Zhang Xiaokang, Jonassen Inge, Goksøyr Anders
Computational Biology Unit, Department of Informatics, University of Bergen, Bergen, Norway
Center for Cancer Biomarkers, Department of Informatics, University of Bergen, Bergen, Norway
Biomarkers are of great importance in many fields, such as cancer research, toxicology, diagnosis and treatment of diseases, and to better understand biological response mechanisms to internal or external intervention. High-throughput gene expression profiling technologies, such as DNA microarrays and RNA sequencing, provide large gene expression data sets which enable data-driven biomarker discovery. Traditional statistical tests have been the mainstream for identifying differentially expressed genes as biomarkers. In recent years, machine learning techniques such as feature selection have gained more popularity. Given many options, picking the most appropriate method for a particular data becomes essential. Different evaluation metrics have therefore been proposed. Being evaluated on different aspects, a method’s varied performance across different datasets leads to the idea of integrating multiple methods. Many integration strategies are proposed and have shown great potential. This chapter gives an overview of the current research advances and existing issues in biomarker discovery using machine learning approaches on gene expression data.

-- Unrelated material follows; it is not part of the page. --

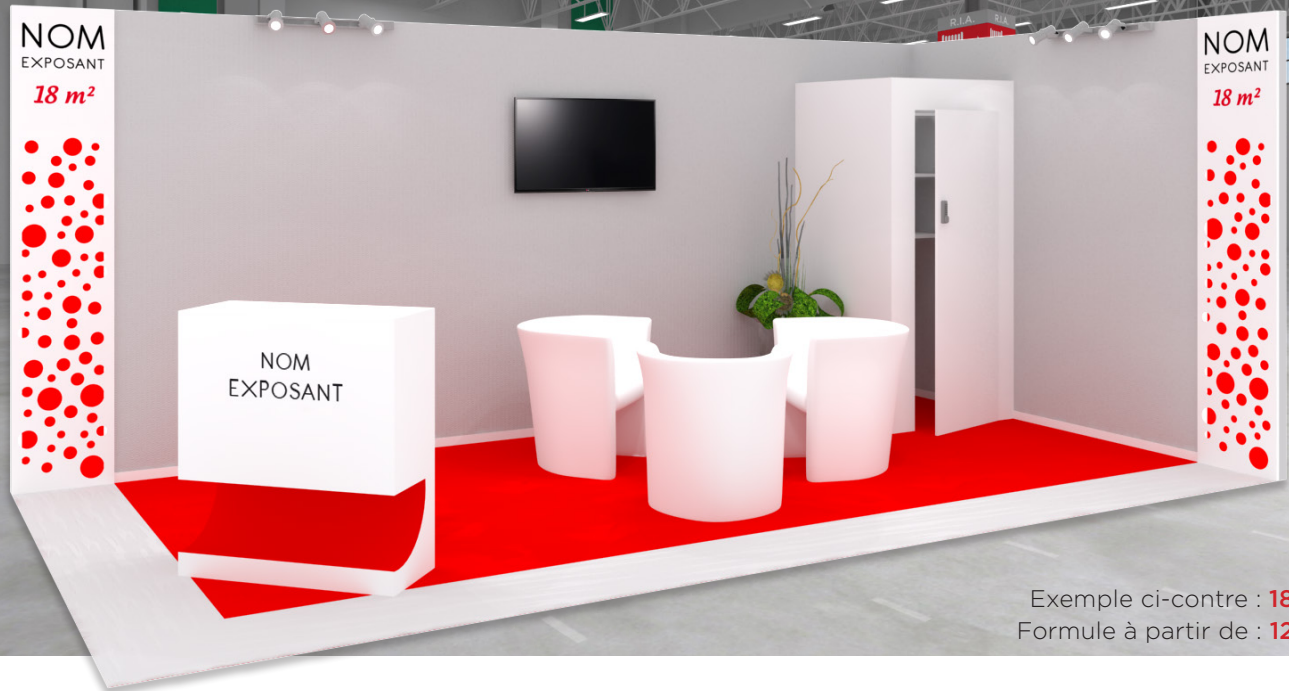
Exemple ci-contre : 18 m 2 Formule à partir de : 12 m 2

生物标志物在许多领域都非常重要,如癌症研究、毒理学、疾病的诊断和治疗,以及为了更好地理解对内部或外部干预的生物反应机制。高通量基因表达谱技术,如DNA微阵列和RNA测序,提供了大量的基因表达数据集,从而能够进行数据驱动的生物标志物发现。传统统计测试一直是识别差异表达基因作为生物标志物的主流方法。近年来,诸如特征选择等机器学习技术越来越受欢迎。面对众多选择,为特定数据挑选最合适的方法变得至关重要。因此,人们提出了不同的评估指标。由于在不同方面进行评估,一种方法在不同数据集上的表现各异,这就催生了整合多种方法的想法。人们提出了许多整合策略,并已显示出巨大潜力。本章概述了使用机器学习方法处理基因表达数据进行生物标志物发现的当前研究进展和存在的问题。